Unnamed: 0,textID,text,selected_text,sentiment,clean
1,549e992a42,Sooo SAD I will miss you here in San Diego!!!,Sooo SAD,negative,Sooo SAD -PRON- miss San Diego
2,088c60f138,my boss is bullying me...,bullying me,negative,boss bullying
3,9642c003ef,what interview! leave me alone,leave me alone,negative,interview leave alone
4,358bd9e861,"Sons of ****, why couldn`t they put them on t...","Sons of ****,",negative,son put release already buy
6,6e0c6d75b1,2am feedings for the baby are fun when he is a...,fun,positive,2 a.m. feeding baby fun smile coo


In [106]:
X = df['clean']
y= df['sentiment']

X_train, X_test, y_train, y_test = train_test_split(X, y, random_state = 32, train_size = 0.75)

# Countvectorizer

In [107]:
# Countvectorizer
vectorizer = CountVectorizer()
vectorizer.fit(X_train)
X_train_cv = vectorizer.transform(X_train)
X_test_cv = vectorizer.transform(X_test)


<4091x12460 sparse matrix of type '<class 'numpy.int64'>'
	with 27819 stored elements in Compressed Sparse Row format>

In [119]:
# Logistic Regression
modelLR = LogisticRegression(max_iter=120).fit(X_train_cv, y_train)

print('Accuracy score on the train set :', modelLR.score(X_train_cv, y_train))
print('Accuracy score on the test set :', modelLR.score(X_test_cv, y_test))  

Accuracy score on the train set : 0.9496414602346805
Accuracy score on the test set : 0.8587142507944268


In [121]:
# KNN 
modelKNN = KNeighborsClassifier().fit(X_train_cv, y_train)
print('Accuracy score on the train set :', modelKNN.score(X_train_cv, y_train))
print('Accuracy score on the test set :', modelKNN.score(X_test_cv, y_test))  

Accuracy score on the train set : 0.8151075619295959
Accuracy score on the test set : 0.7267171840625763


In [123]:
# Decistion tree
modelCTC = DecisionTreeClassifier().fit(X_train_cv, y_train)
print('Accuracy score on the train set :', modelCTC.score(X_train_cv, y_train))
print('Accuracy score on the test set :', modelCTC.score(X_test_cv, y_test))  

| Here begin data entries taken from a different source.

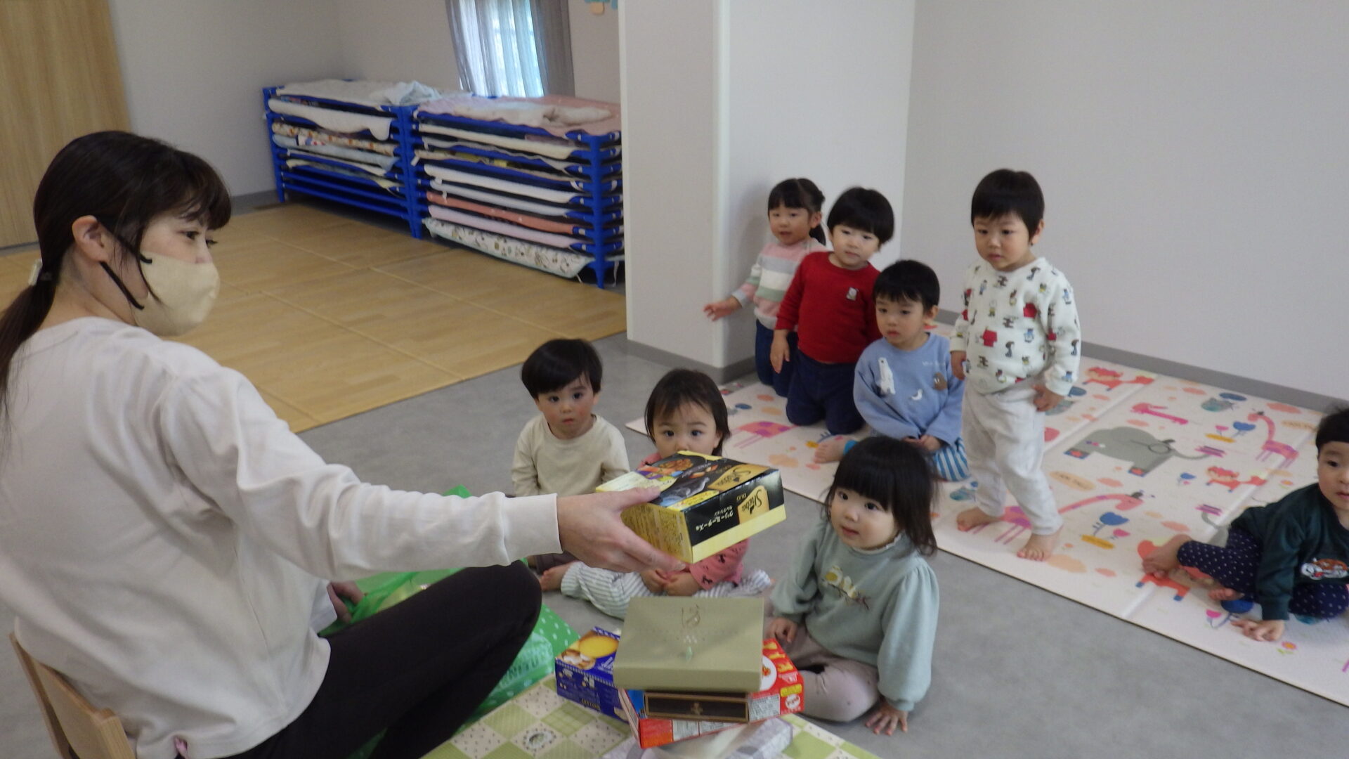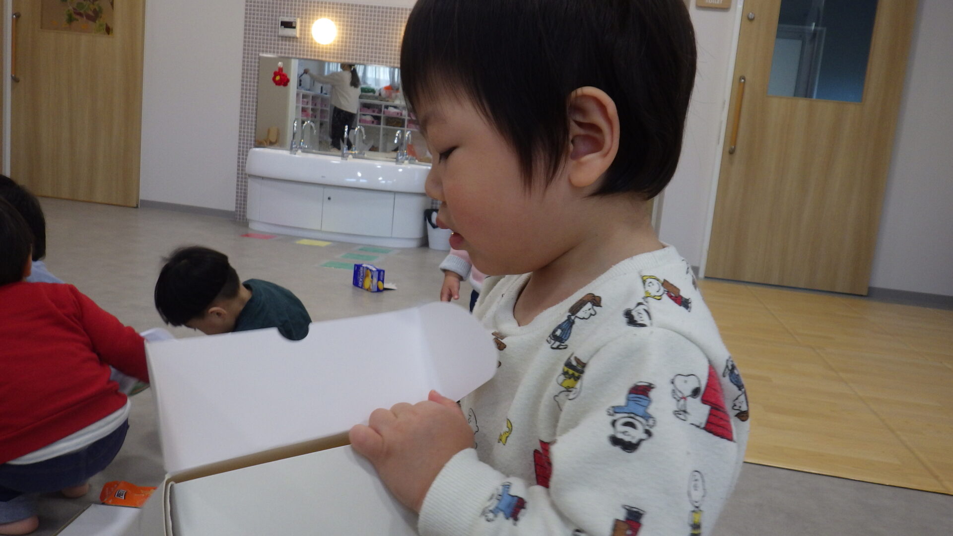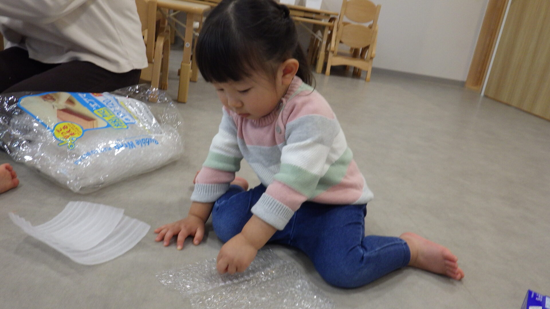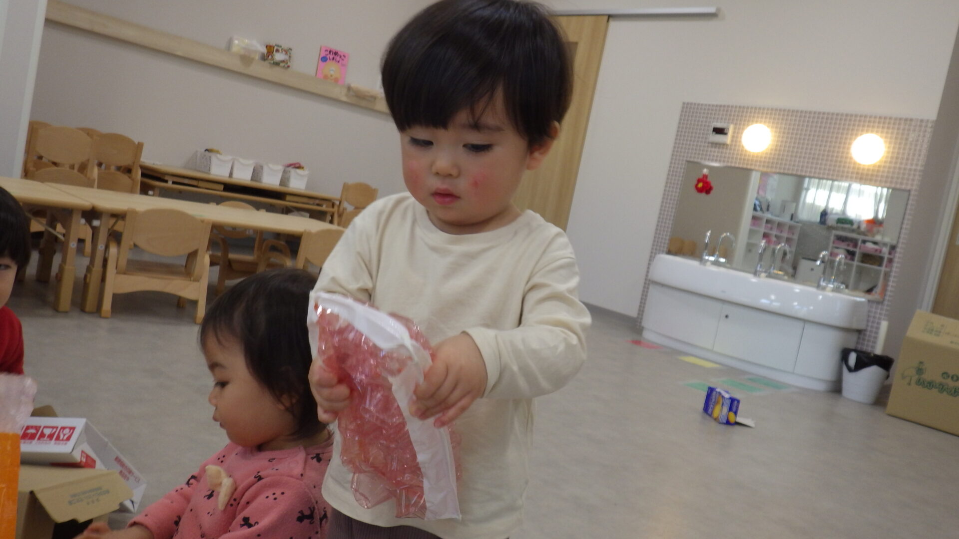 たくさんの箱や素材で遊んだだいち組(1歳児)さん。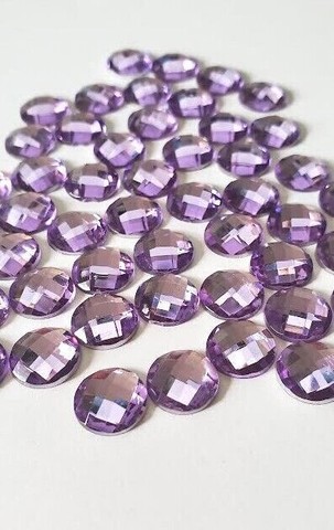 Crystals and Gems CraftbuddyUS 100 x10mm Flatback Faceted Acrylic LILAC Round Rhinestone Gems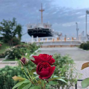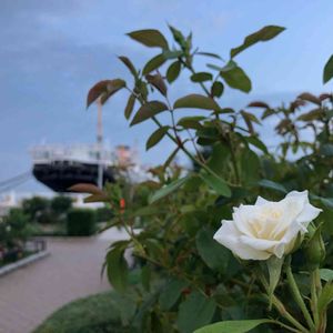 横浜山下公園8/12 その2 薔薇と氷川丸^_^ 今日は、大道芸近くの 夕方から日陰になるベンチで ぼーっと海を眺めていたら 大桟橋から出航の船の汽笛が ぼーっと 3回^_^ あっ 一緒と思ったのは、 私だけですね〜^_^

Accuracy score on the train set : 0.9992666232073012
Accuracy score on the test set : 0.80298215595209


# TF-IDF

In [125]:
# TF-IDF
vectorizer = TfidfVectorizer()
vectorizer.fit(X_train)
X_train_cv2 = vectorizer.transform(X_train)
X_test_cv2 = vectorizer.transform(X_test)

In [126]:
# Logistic Regression
modelLR = LogisticRegression(max_iter=120).fit(X_train_cv2, y_train)

print('Accuracy score on the train set :', modelLR.score(X_train_cv2, y_train))
print('Accuracy score on the test set :', modelLR.score(X_test_cv2, y_test))  

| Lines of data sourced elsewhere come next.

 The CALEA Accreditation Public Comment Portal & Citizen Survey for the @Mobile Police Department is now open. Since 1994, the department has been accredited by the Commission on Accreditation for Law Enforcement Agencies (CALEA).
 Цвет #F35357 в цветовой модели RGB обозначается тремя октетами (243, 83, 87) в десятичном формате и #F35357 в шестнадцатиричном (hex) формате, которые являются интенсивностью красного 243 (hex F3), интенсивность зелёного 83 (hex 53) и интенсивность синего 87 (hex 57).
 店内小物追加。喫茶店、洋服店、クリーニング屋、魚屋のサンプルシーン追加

Accuracy score on the train set : 0.9240547588005215
Accuracy score on the test set : 0.8653141041310193


In [127]:
# KNN 
modelKNN = KNeighborsClassifier().fit(X_train_cv2, y_train)
print('Accuracy score on the train set :', modelKNN.score(X_train_cv2, y_train))
print('Accuracy score on the test set :', modelKNN.score(X_test_cv2, y_test))  

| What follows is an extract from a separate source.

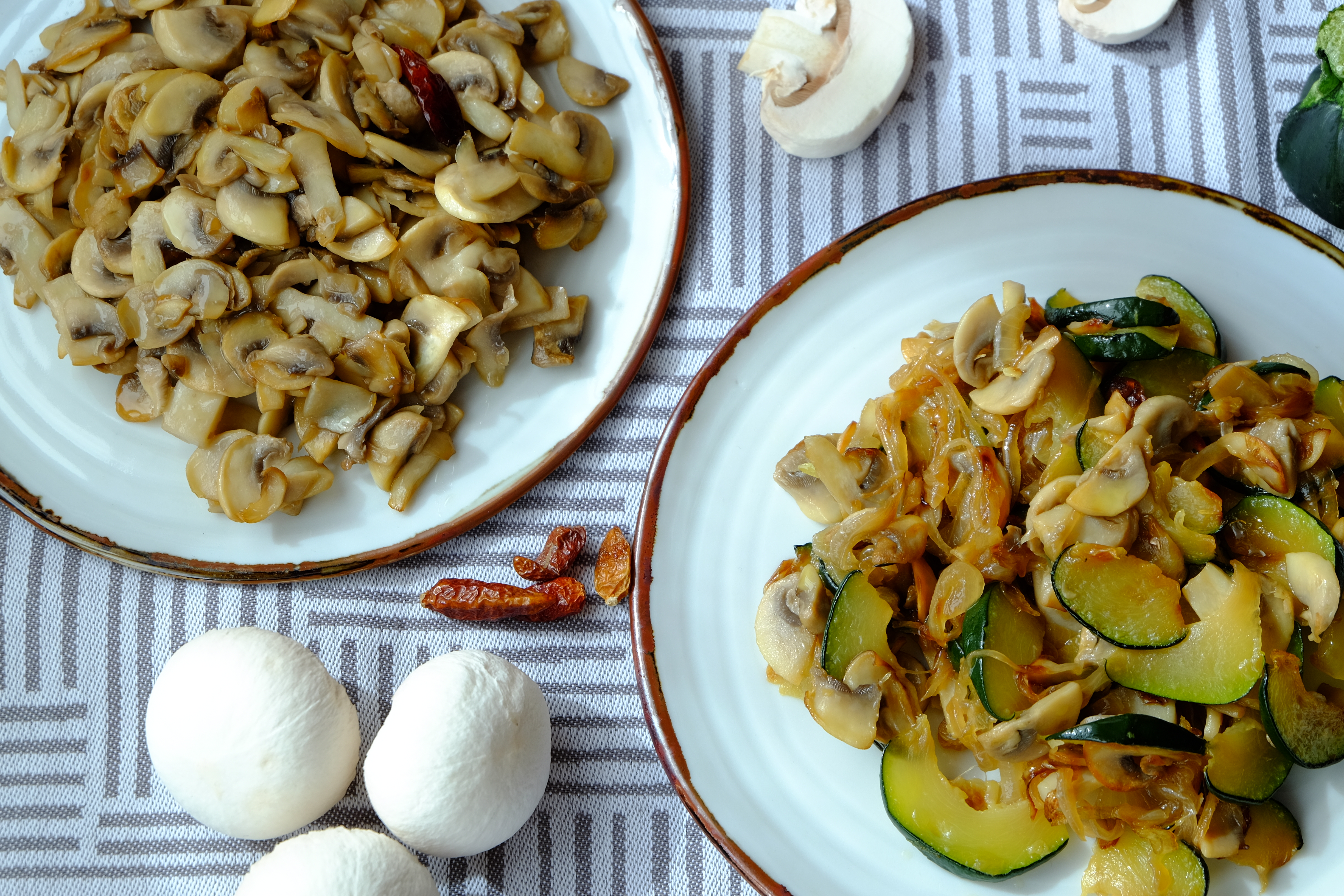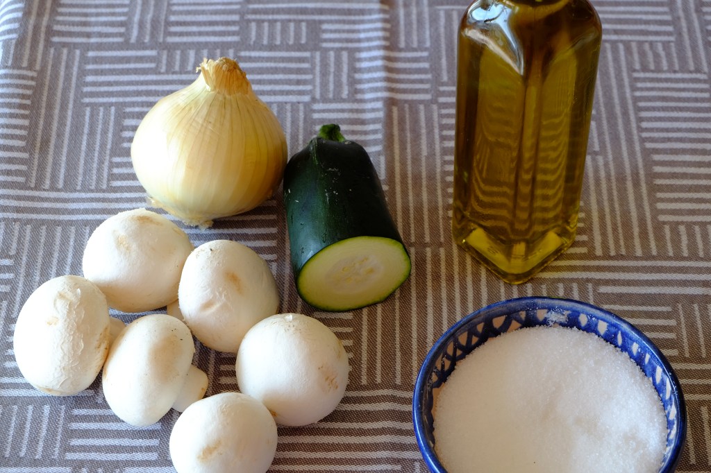 INGREDIENTES. Salteado de cebolla, calabacín y champiñones. (2 raciones aprox)

Accuracy score on the train set : 0.6882333767926988
Accuracy score on the test set : 0.5881202639941334


In [128]:
# Decistion tree
modelCTC = DecisionTreeClassifier().fit(X_train_cv2, y_train)
print('Accuracy score on the train set :', modelCTC.score(X_train_cv2, y_train))
print('Accuracy score on the test set :', modelCTC.score(X_test_cv2, y_test))  

Accuracy score on the train set : 0.9991851368970013
Accuracy score on the test set : 0.7980933757027622


Le meilleur score est celui de la logistic regression après TF-IDF.